TEST(LongRunningTask, IsRespawnable) {
    asio::io_context io_context;

    auto work_guard = asio::make_work_guard(io_context);
    std::thread runner([&]() {
        io_context.run();
        std::cout << "io_context.run() finished" << std::endl;
    });

    const auto start = std::chrono::high_resolution_clock::now();
    auto long_running = task::spawn(io_context, sleepTask(10s));

    for (auto _ : std::views::iota(0, 5)) {
        std::cout << _ << std::endl;
        long_running->cancel();
        auto copy = long_running;
        ASSERT_EQ(copy->m_cancel, long_running->m_cancel);

        long_running = task::spawn(io_context, sleepTask(1s));

        // Assert pointers transfered..
        ASSERT_NE(copy->m_cancel, long_running->m_cancel);
    }

    work_guard.reset();
    runner.join();
    std::cout << "joined..." << std::endl;
    const auto end = std::chrono::high_resolution_clock::now();
    const std::chrono::duration<double> diff = end - start;

    ASSERT_LT(diff, 1s);
}

In the version above, both tests segfault again... (seemingly because of the coroutine wrapper). Without the coroutine wrapper, it's the same as before...

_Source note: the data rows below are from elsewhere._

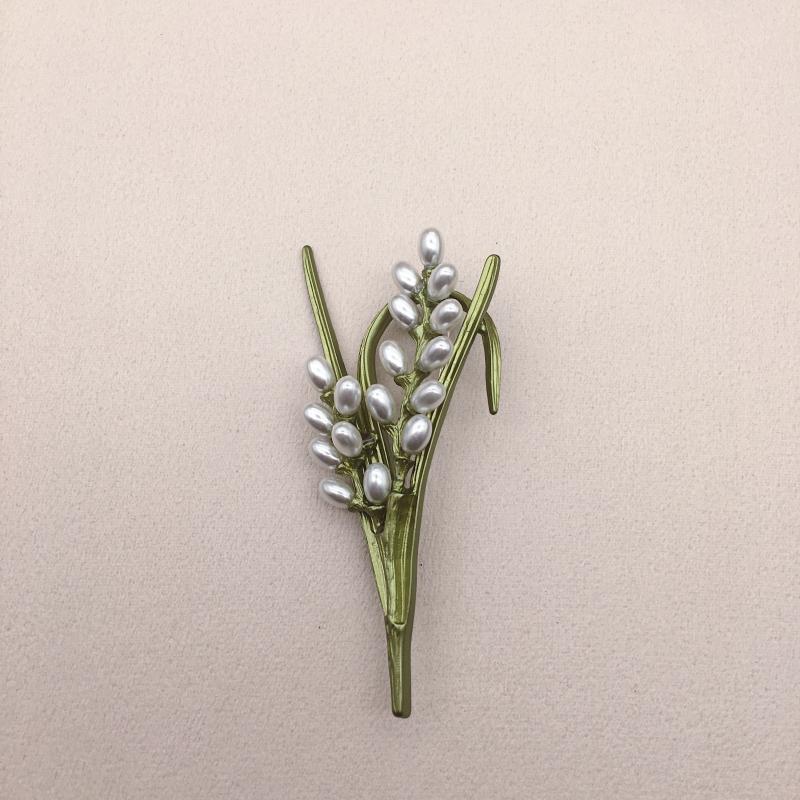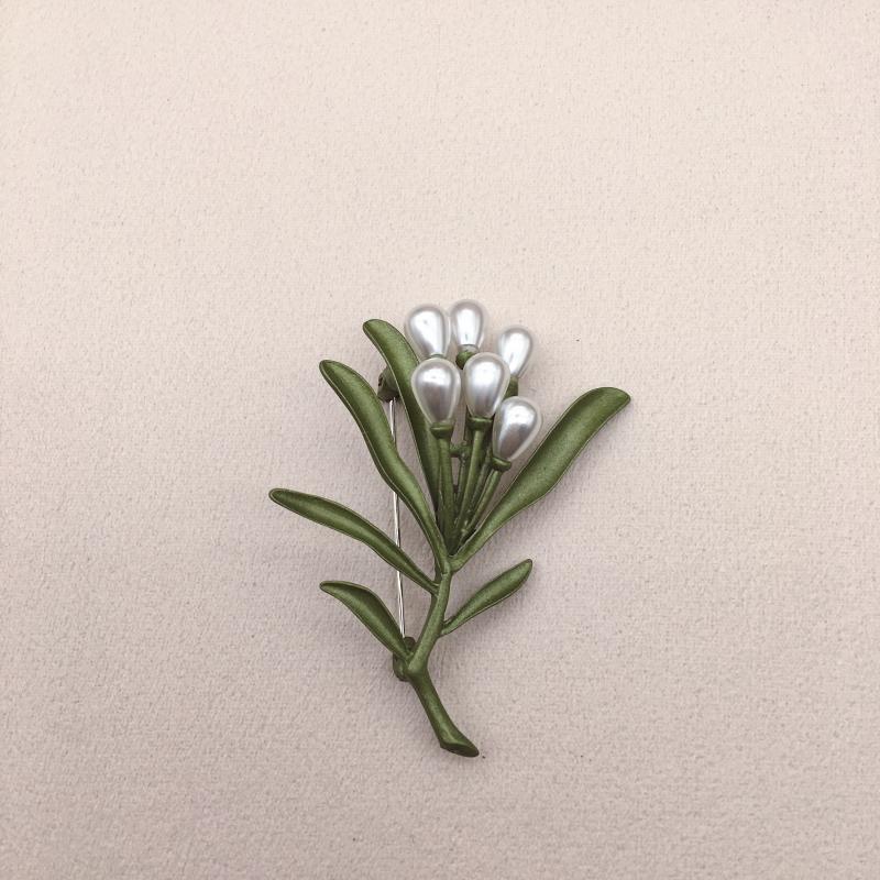 Avocado Green Art Small Fresh Pearl Leaf Brooch
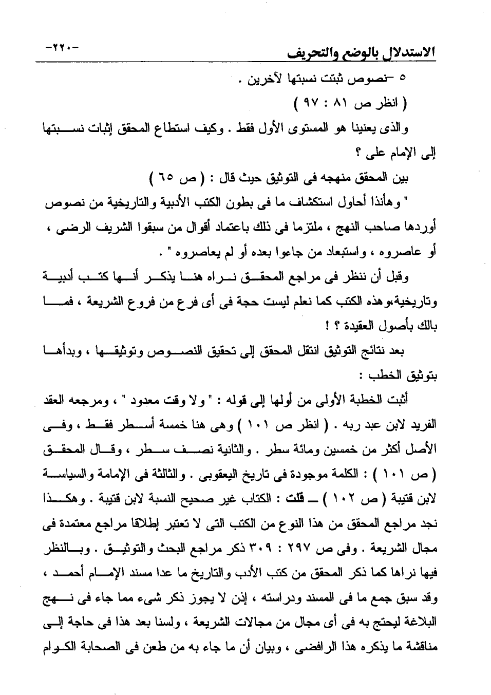 أثبت الخطبة الأولى من أولها إلى قوله: " ولا وقت معدود "، ومرجعه العقد الفريد لابن عبد ربه. (انظر ص 101) وهى هنا خمسة أسطر فقط، وفى الأصل أكثر من خمسين ومائة سطر. والثانية نصف سطر، وقال المحقق (ص 101) : الكلمة موجودة في تاريخ اليعقوبى. والثالثة في الإمامة والسياسة لابن قتيبة (ص 102) ـ قلت: الكتاب غير صحيح النسبة لابن قتيبة. وهكذا نجد مراجع المحقق من هذا النوع من الكتب التي لا تعتبر إطلاقا مراجع معتمدة في مجال الشريعة. وفى ص 297: 309 ذكر مراجع البحث والتوثيق. وبالنظر فيها نراها كما ذكر المحقق من كتب الأدب والتاريخ ما عدا مسند الإمام أحمد، وقد سبق جمع ما في المسند ودراسته، إذن لا يجوز ذكر شىء مما جاء في نهج البلاغة ليحتج به في أي مجال من مجالات الشريعة، ولسنا بعد هذا في حاجة إلى مناقشة ما يذكره هذا الرافضي، وبيان أن ما جاء به من طعن في الصحابة الكرام
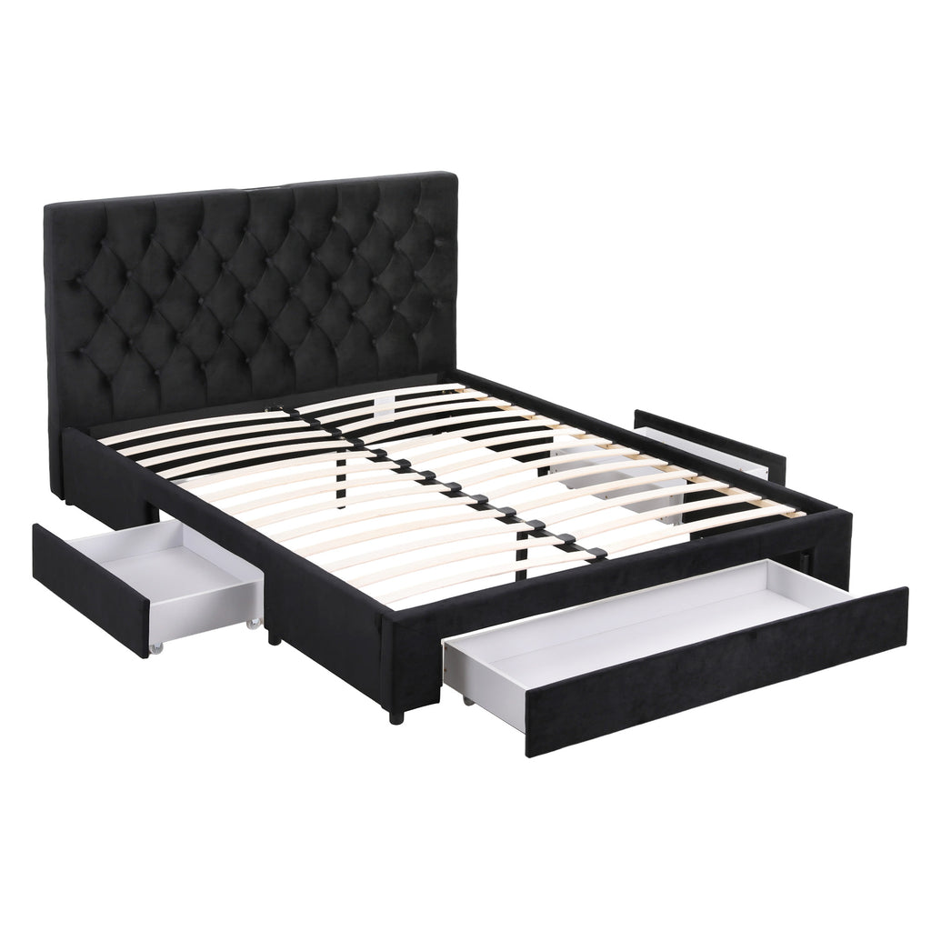 QUEEN UPHOLSTERED BED FRAME with Drawers+Charging Ports
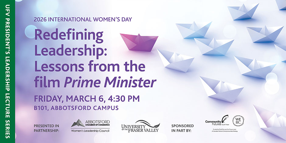 This program is presented as part of the President's Leadership Lecture Series, in partnership with the Abbotsford Chamber of Commerce, bringing together campus and community to celebrate leadership and equity.
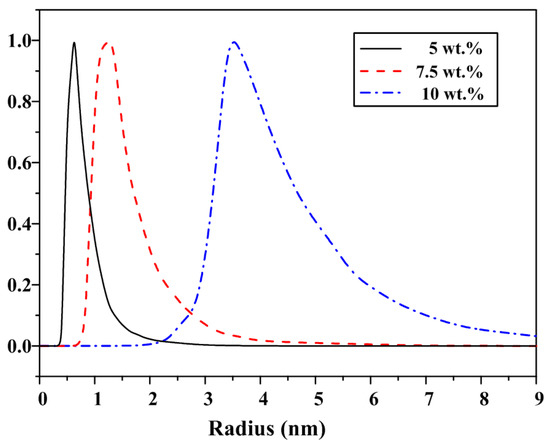 The size of the micro water droplets in the “water-in-oil” polishing fluid is directly related to the polished surface roughness. If the size of the micro water droplets is too large, the ultra-smooth surface with nanoscale roughness will not be formed. The micro water droplet size in the polishing fluid with different water contents was measured by a dynamic light scattering (DLS) instrument (model no.: ALV-NIBS); the results are shown in Figure 2. The micro water droplet radius was basically distributed within 10 nm, which proves the feasibility of the above described removal mechanism. Note also that the micro water droplet size in polishing fluid increases with the increase of water content in the polishing fluid. The average values of micro water droplet radius when the polishing fluid contained 5 wt.%, 7.5 wt.%, and 10 wt.% water were approximately 0.6 nm, 1.2 nm, and 3.8 nm, respectively. Theoretically, the lower the water content of the polishing fluid, the smaller the size of the micro water droplets—which should be more favorable for the selective removal of crystal surface roughness peaks—and the lower the surface roughness after polishing.
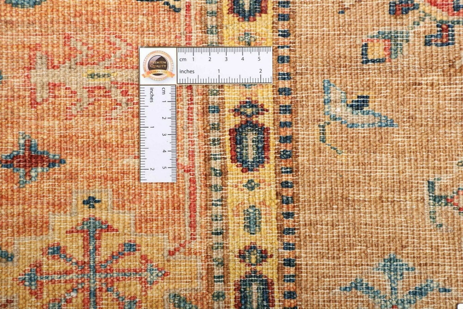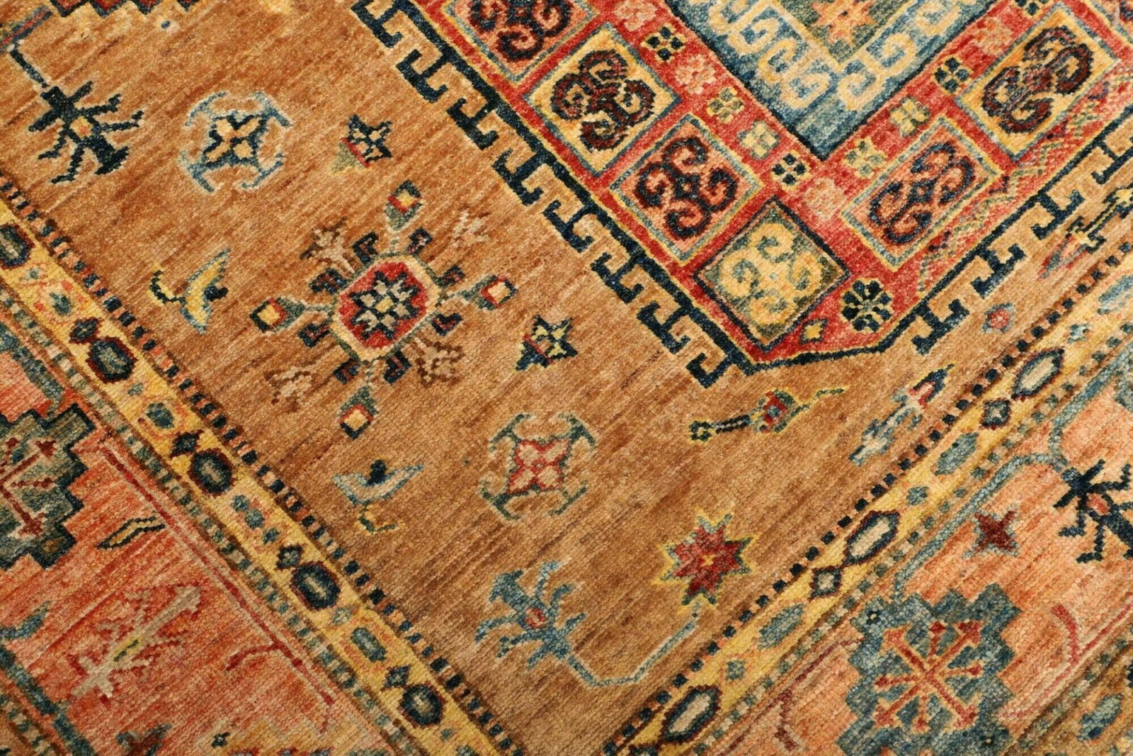 Der Kazak Teppich wird aus hochwertigen Materialien hergestellt, die nicht nur für ein ansprechendes Aussehen sorgen, sondern auch für eine hohe Langlebigkeit. Die Verwendung von reiner Schurwolle macht den Teppich besonders strapazierfähig und widerstandsfähig gegen Abnutzung. Durch das handgeknüpfte Verfahren wird jeder Teppich zu einem individuellen Kunstwerk – jedes Knot ist von Hand gefertigt, was die Exklusivität und Qualität des Teppichs unterstreicht. Die Knotendichte ist ein entscheidender Faktor, der die Feinheit und Detailgenauigkeit des Musters bestimmt. Bei diesem Teppich handelt es sich um ein Meisterwerk, bei dem die Knotendichte in optimalem Verhältnis zur Größe steht und eine dichte, kompakte Struktur ergibt.
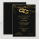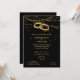 Une belle invitation de mariage avec des lumières scintillantes et un ensemble d'alliances en or pour un couple gay ou lesbien.
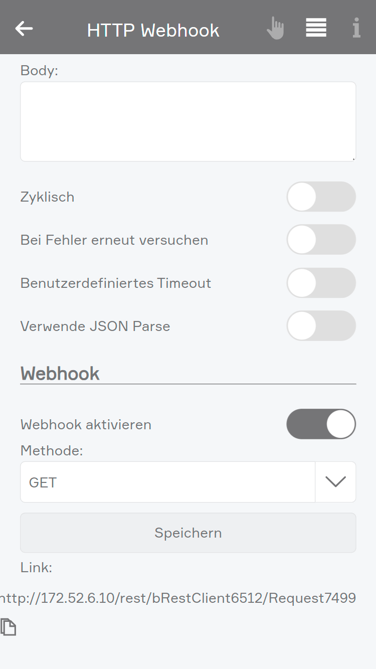 Aktuell stehen Webhooks nur im lokalen Netzwerk zur Verfügung.

  1. What DOES work (but I do not necessarily want to do), is storing all copies of CancellableTask in a storage that exists until it is fully cleaned up by the io_context:

TEST(LongRunningTask, IsRespawnable) {
    asio::io_context io_context;

    auto work_guard = asio::make_work_guard(io_context);
    std::thread runner([&]() {
        io_context.run();
        std::cout << "io_context.run() finished" << std::endl;
    });

    const auto start = std::chrono::high_resolution_clock::now();
    CancellableTask<void> long_running;
    std::vector<decltype(long_running)> tasks;
    for (auto _ : std::views::iota(0, 5)) {
        std::cout << _ << std::endl;

        if (ore::task::getStatus(long_running.task()) == ore::task::Status::Running) {
            long_running.cancel();
        }

        tasks.push_back(task::spawn(io_context, sleepTask(1s)));
        long_running = tasks.back();
    }

    long_running.cancel();

    work_guard.reset();
    runner.join();
    std::cout << "joined..." << std::endl;
    const auto end = std::chrono::high_resolution_clock::now();
    const std::chrono::duration<double> diff = end - start;

    ASSERT_LT(diff, 1s);
}

If this were the proper solution, I'm sure I could periodically scan through a list to purge entries that have been fully handled... But surely there is a better way?

Question/TLDR:

What is the best way to accomplish the goal of maintaining a cancellable/restartable asio coroutine-based task?


Solution

  • Having arrived at the TL;DR warning, I came up with this simplified repro. The line

    tmp.get(); // this is required! need to await the task before destroying it
    

    (of course you could also wait for task before moving).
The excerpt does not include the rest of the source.